Rosneft (Russia) was set to run the Amuay refinery with a capacity of 650,000 barrels per day, and Petrochina would handle Cardón, whose capacity is 310,000 barrels per day.

“That agreement was unsuccessful because these refineries are in appalling conditions, and they realized that the investments they had to make are extremely high,”

– Iván Freite, director of Federación Única de Trabajadores Petroleros de Venezuela.

Given this situation, Venezuela, with some the largest oil reserves in the world, plans to close three of its largest refineries due to a shortage of oil and lack of personnel.

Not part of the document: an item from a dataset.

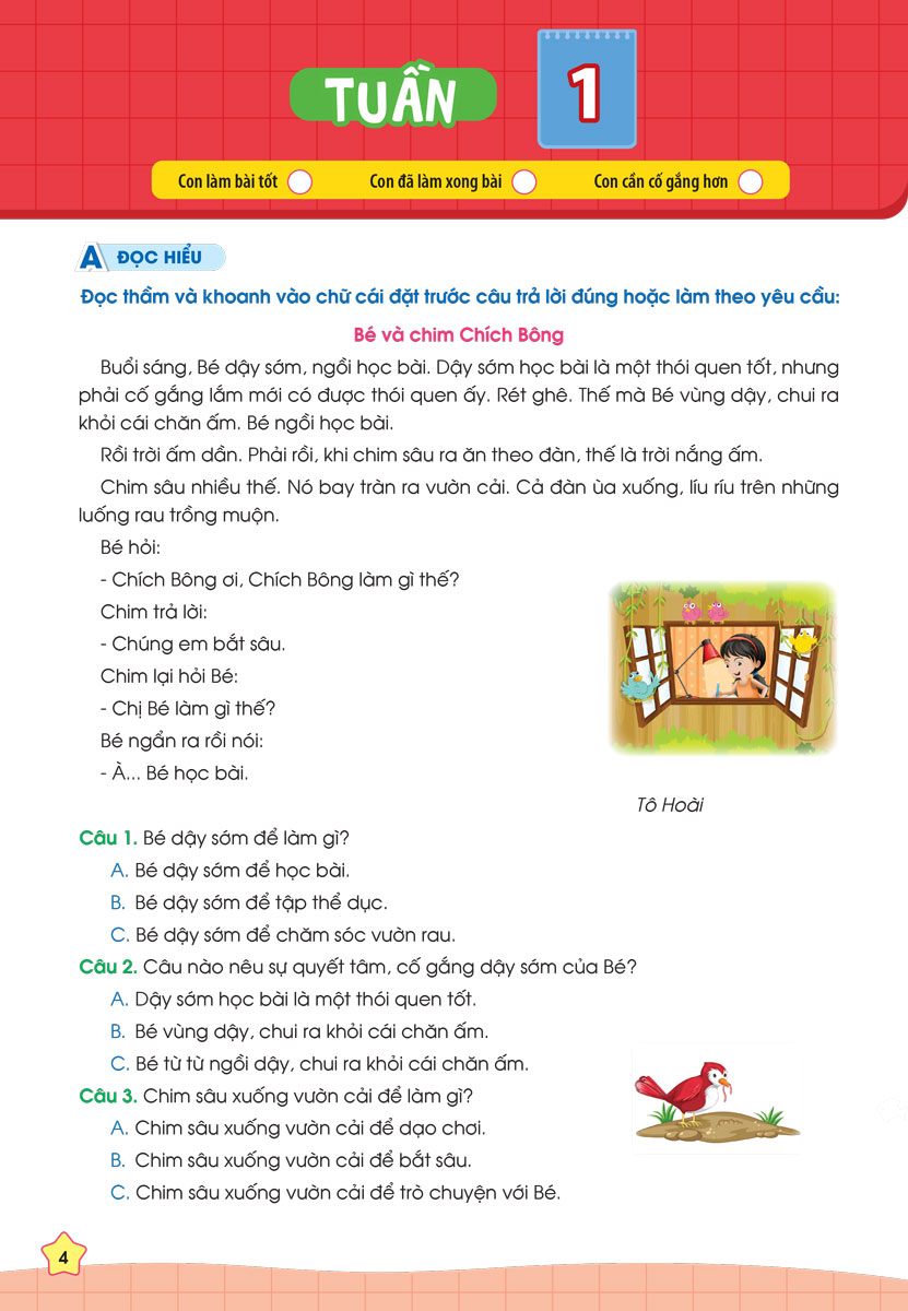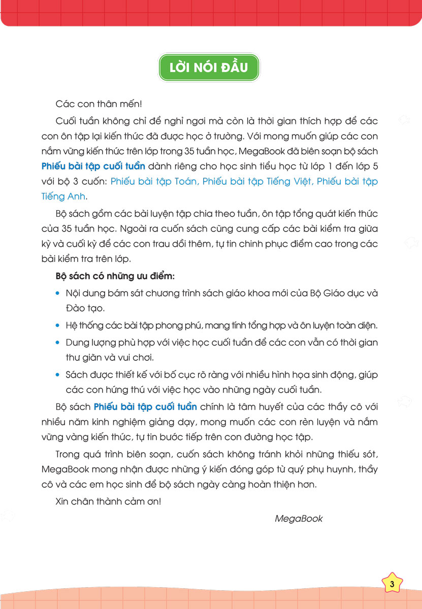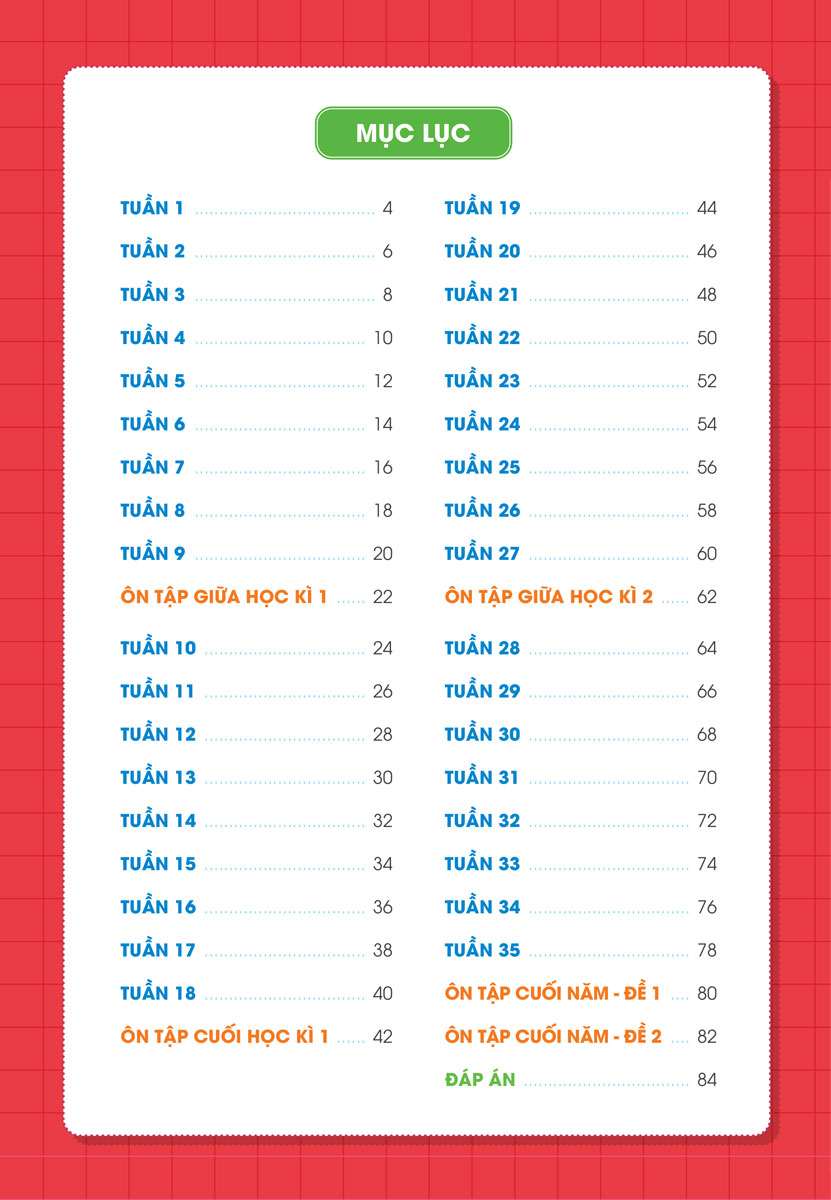 Đặc biệt, sau mỗi kì sẽ có bài ôn tập giữa kì và cuối kì giúp con có tài liệu ôn tập cho các kì kiểm tra. Ngoài ra, phần đáp án phía sau giúp bố mẹ đánh giá năng lực, từ đó có phương pháp ôn luyện phù hợp cho con.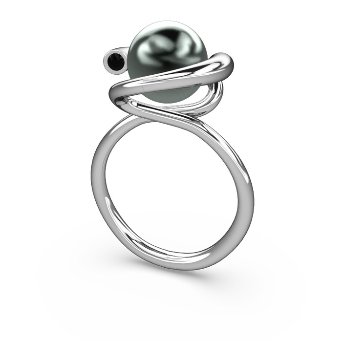 Siyah inci ve siyah zirkon 8 ayar beyaz altın yüzük

A situation that leaves the major source of income of the South American country in disarray.

The biggest threat to the oil industry and PDVSA is the socialist regime that has practically destroyed all existing infrastructure.

According to Platt’s Oilgram, the only entity that provides information on futures and options in the world oil market, the Maduro regime plans to close the refineries located in Cardón, El Palito, and Puerto La Cruz. They claim to not have enough crude oil to process fuels.

In the 90s, Cardón was part of the largest oil complex in the world and the most technologically advanced refinery. Today is about to shut down under the management of 21st-century socialism.

Jose Toro Hardy, an economist and member of the PDVSA board until 1999, told the PanAm Post that the country’s impoverishment is due to the mismanagement of the Venezuelan state oil company and blamed the regimes of Hugo Chávez and Nicolás Maduro for the situation.

“The problems started in 2002 and 2003 when President Chávez fired 20,000 PDVSA workers. That personnel had an average of 15 years working for the industry, so they threw to the trash 300,000 years of experience and knowledge,” Toro said.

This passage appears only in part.